RBC Capital on Thursday flagged a mounting energy and transport disruption in the Middle East as attacks on critical regional infrastructure increase in frequency and scope. In a note to clients, the firm urged investors to avoid assuming a rapid de-escalation, warning that current conditions could sustain elevated disruption to exports and shipping.
Helima Croft, head of global commodity strategy and MENA research, described the situation as having entered "a potentially dangerous new chapter" after an Israeli strike on the South Pars Gas Field led to a sequence of Iranian retaliatory operations. According to the note, Iranian strikes have struck Qatar's Ras Laffan and have targeted Abu Dhabi's Habshan Gas Facility.
The note also cites threats issued against additional energy assets, including the UAE's Al Hasan Gas Field and Saudi Arabia's Jubail Petrochemical Complex and Samref Refinery. RBC Capital said the Strait of Hormuz is effectively under Iranian control and added that President Trump's options to contain the crisis "have been decidedly limited."

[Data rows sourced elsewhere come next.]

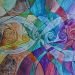 Abstrakcyjne wielobarwne dzieło. Przedstawione przeplatające się wzajemnie serpentyny/ wstęgi oraz pętla nieskończoności.
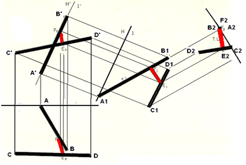 First an Auxiliary A1B1 is made showing the true length of AB.
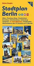 Stadtplan vom Bereich des Berliner S-Bahnrings (im Süden bis Platz der Luftbrücke), Maßstab 1 : 21 000. Rückseite: Übersichtskarte von Berlin mit allen 98 Ortsteilen und den 12 Bezirken. S- und U-Bahn-Netzspinne, Straßenverzeichnis, Kurzlegende deutsche/englis...
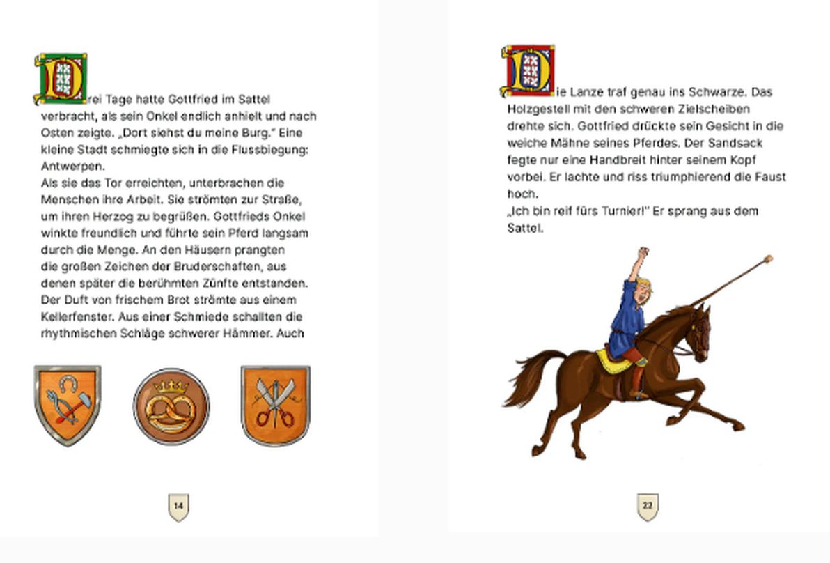 Auch „Gottfried von Bouillon – Der erste Kreuzritter“ erzählt eine Heldengeschichte: Unser Protagonist Gottfried steht kurz vor dem Ritterschlag. Doch dann reißt ihn ein schrecklicher Todesfall aus dem Alltag. Ein gefährliches Abenteuer beginnt, das den jungen Herzog von der Atlantikküste bis nach Jerusalem führt. Wird es ihm gelingen, das Heilige Grab zu befreien?
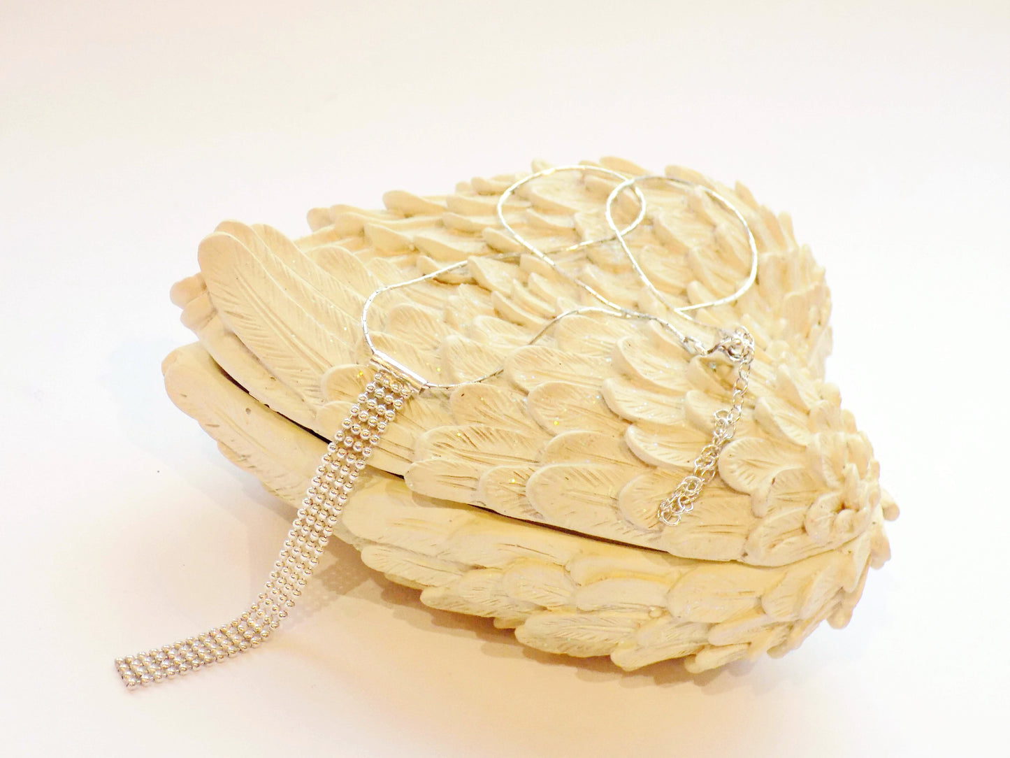 Moderna, moderna sudraba kaklarota ar dažāda garuma ķēdīti.
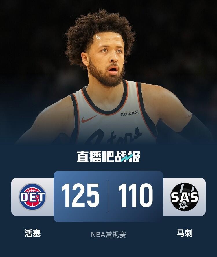 首节开打后活塞反客为主轰出13-2开局,马刺逐渐找到手感,福克斯联手卡斯尔率队追分,但活塞连续杀伤内线强势回应,首节结束时活塞领先9分,次节回来,福克斯延续火力连投带罚蚕食分差,中段马刺一度反超,哈里斯连中三分及时止血,半场战罢,活塞保有1分优势。易边再战后马刺进攻再度停滞,活塞多点开花连续轰出小高潮,三节结束后活塞已经领先21分,末节上来,凯尔登突投结合接连砍分,无奈活塞总能回应,最终活塞125-110大胜对手迎来5连胜。
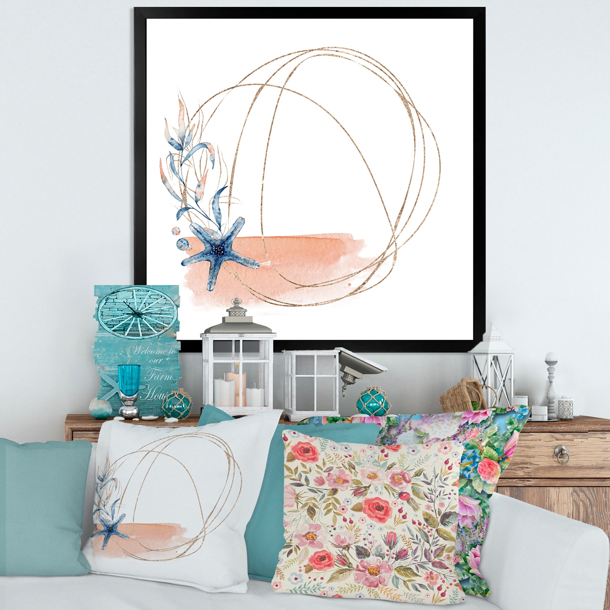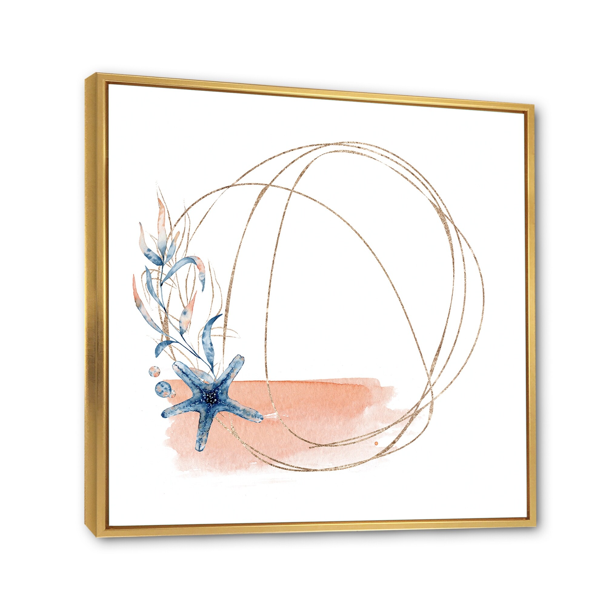 Designart "Golden Frame With Starfish" Nautical & Coastal Framed Canvas Wall Art Print
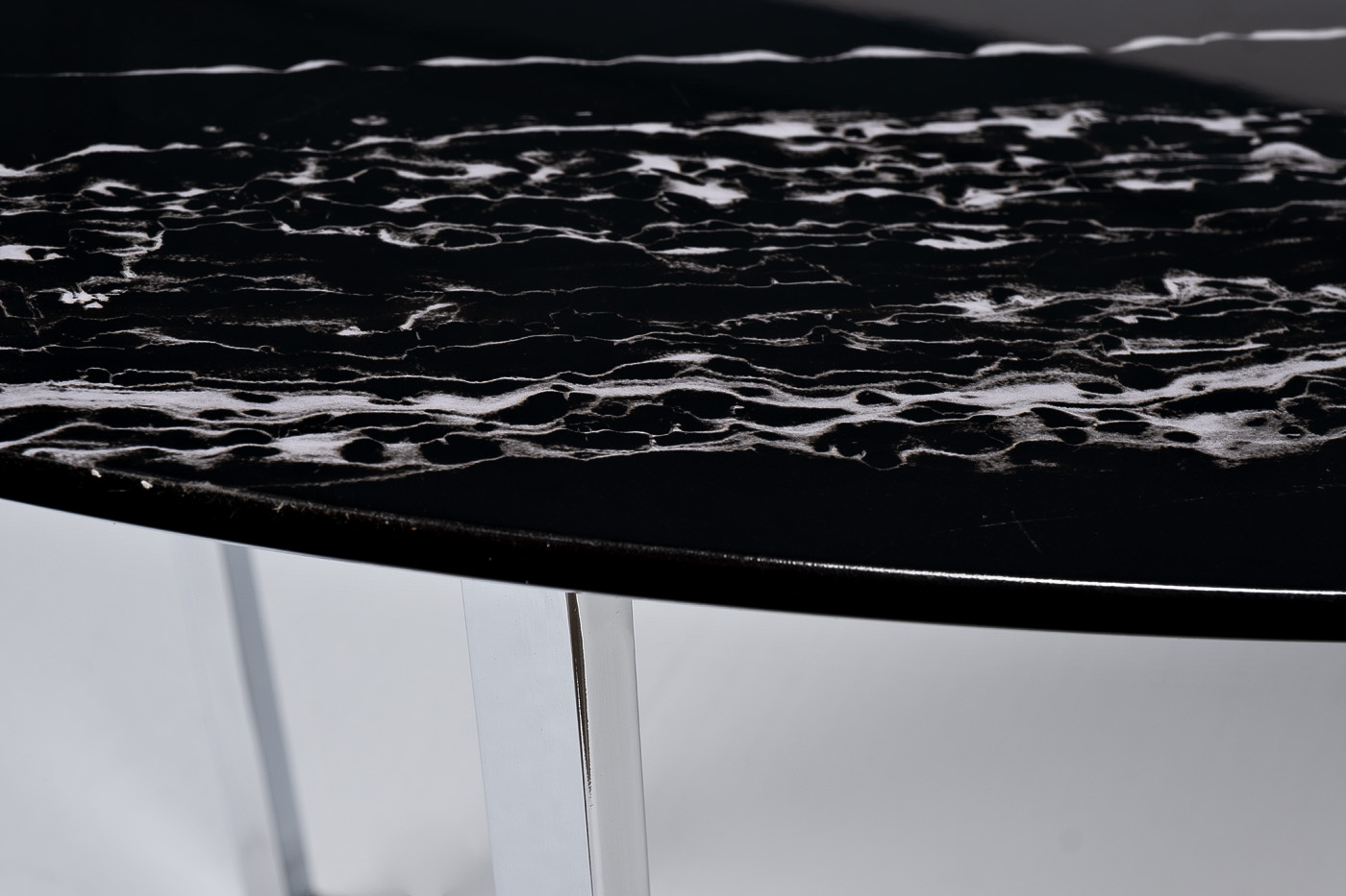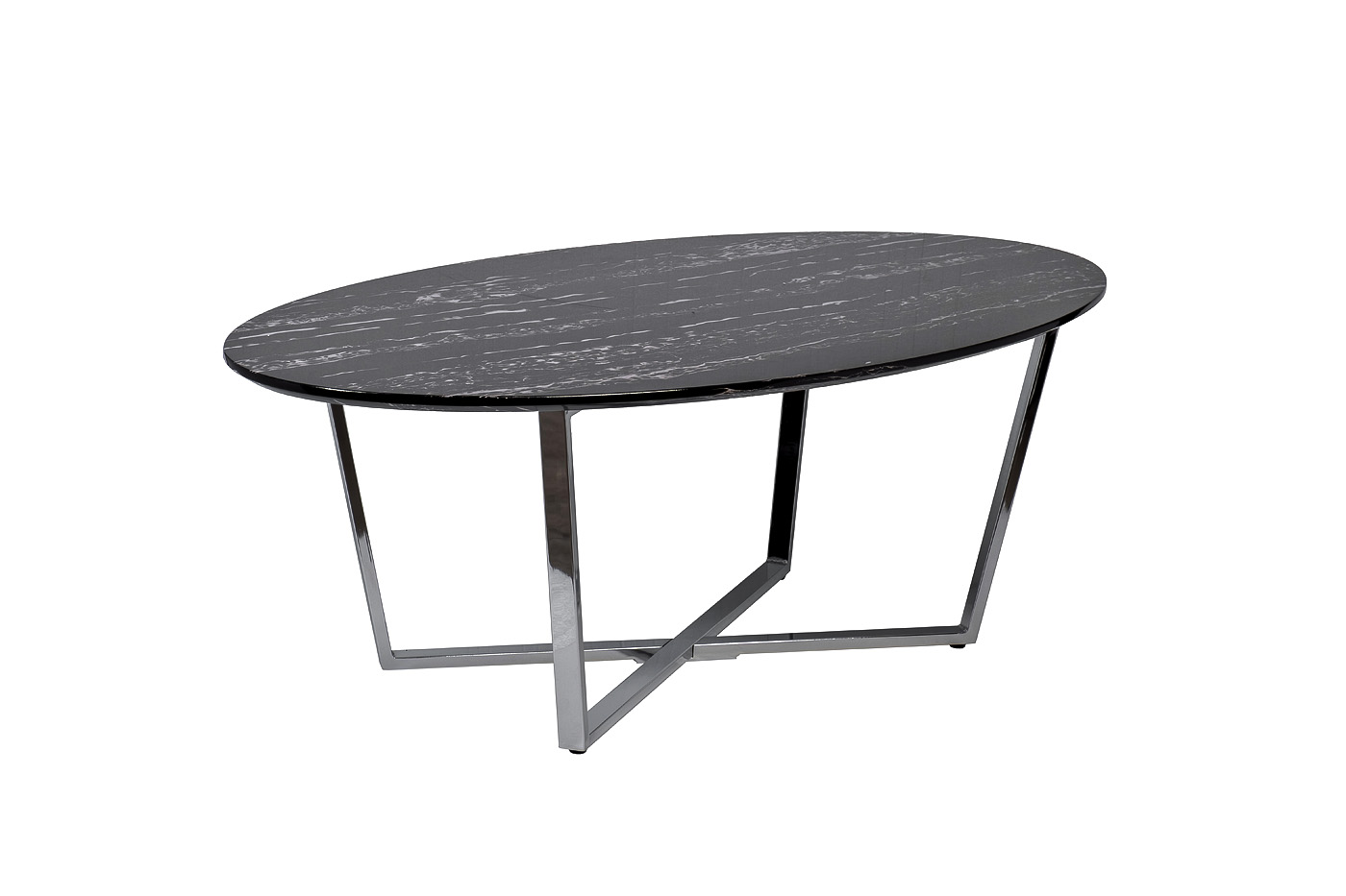 Лаконичная современная модель журнального стола станет центральным украшением вашей гостиной. Столешница мебели выполнена из качественного МДФ с полимерным покрытием для защиты от влаги и царапин. Она представлена в черно-белом оттенке с имитацией под мрамор. Ее красиво дополняют оригинальные ножки из нержавеющей стали в оттенке хром. Модель отличается стандартными размерами, поэтому ее можно располагать в гостиных средней и большой площади. А тонкие ножки оставляют много свободного пространства, визуально расширяя помещение. Приобретайте овальный журнальный столик на сайте Garda Decor, чтобы придать дому уюта, комфорта и уникального стиля. Толщина столешницы - 20мм. Модель данной серии сочетается со столом 30B-85521.

RBC Capital reported that while officials have attempted to calm markets by suggesting disruptions will be short-lived, "nothing points to a limited engagement at this juncture." The firm highlighted growing concern that the widening threat environment - which now includes risks to ports across the Red Sea - could require ground forces to secure the Strait of Hormuz if the situation continues to escalate.
On investor positioning, RBC Capital specifically cautioned against overreliance on the so-called TACO trade. The firm said "there may be too much emphasis on the 'TACO' trade, as Iran could continue attacks, even if President Trump seeks to call time." It noted that Iran would not need to sustain the current tempo of strikes to meaningfully disrupt exports and pointed to a "relatively deep bench" of IRGC officials capable of continuing operations.
The note frames the immediate risk as not strictly a short-term interruption but a period in which multiple facilities and maritime routes face ongoing threats. For market participants and supply chain stakeholders, RBC's assessment suggests heightened uncertainty for energy flows, port operations, and regional shipping lanes until a clear pathway to de-escalation emerges.